In this paper, we present ToGather, an automatic investigation framework that takes the Android malware samples, as input, and produces a situation awareness about the malicious cyber infrastructure of these samples families. ToGather leverages the state-of-the-art graph theory techniques to generate an actionable and granular intelligence to mitigate the threat imposed by the malicious Internet activity of the Android malware apps. We experiment ToGather on real malware samples from various Android families, and the obtained results are interesting and very promising
In this research, we propose DySign, a novel technique for fingerprinting Android malware's dynamic behaviors. This is achieved through the generation of a digest from the dynamic analysis of a malware sample on existing known malware. It is important to mention that: (i) DySign fingerprints are approximated of the observed behaviors during dynamic analysis so as to achieve resiliency to small changes in the behaviors of future malware variants; (ii) Fingerprint computation is agnostic to the analyzed malware sample or family. DySign leverages state-of-the-art Natural Language Processing (NLP) techniques to generate the aforementioned fingerprints, which are then leveraged to build an enhanced Android malware detection system with family attribution.
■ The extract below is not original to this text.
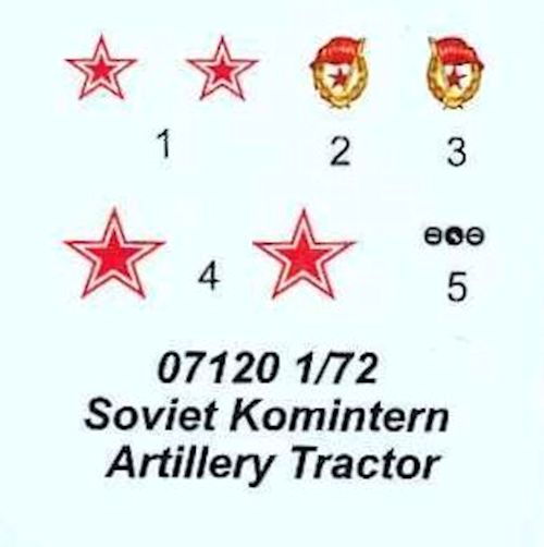 Bemalungsvarianten: Der kleine Decalbogen ist versatzfrei auf blauem Papier gedruckt und völlig ausreichend, denn im Einsatz trugen die meisten sowjetischen Komintern gar keine Markierungen.

In this research, we propose Cypider framework, a set of techniques and tools aiming to perform a systematic detection of mobile malware by building an efficient and scalable similarity network infrastructure of malicious apps. Our detection method is based on a novel concept, namely malicious community, in which we consider, for a given family, the instances that share common features. Under this concept, we assume that multiple similar Android apps with different authors are most likely to be malicious. Cypider leverages this assumption for the detection of variants of known malware families and zero-day malware. It is important to mention that Cypider does not rely on signature-based or learning-based patterns. Alternatively, it applies community detection algorithms on the similarity network, which extracts sub-graphs considered as suspicious and most likely malicious communities. Furthermore, we propose a novel fingerprinting technique, namely community fingerprint, based on a learning model for each malicious community. Cypider shows excellent results by detecting about 50% of the malware dataset in one detection iteration. Besides, the preliminary results of the community fingerprint are promising as we achieved 87% of the detection.
In this research, we propose a novel and comprehensive fingerprinting approach for Android packaging APK. The proposed fingerprint captures, not only the binary features of the APK file, but also the underlying structure of the app. Furthermore, we leverage this fingerprinting technique to build ROAR, an automatic system for Android malware detection and family attribution. Our experiments show that the proposed fingerprint and the ROAR system achieve a precision of 95%.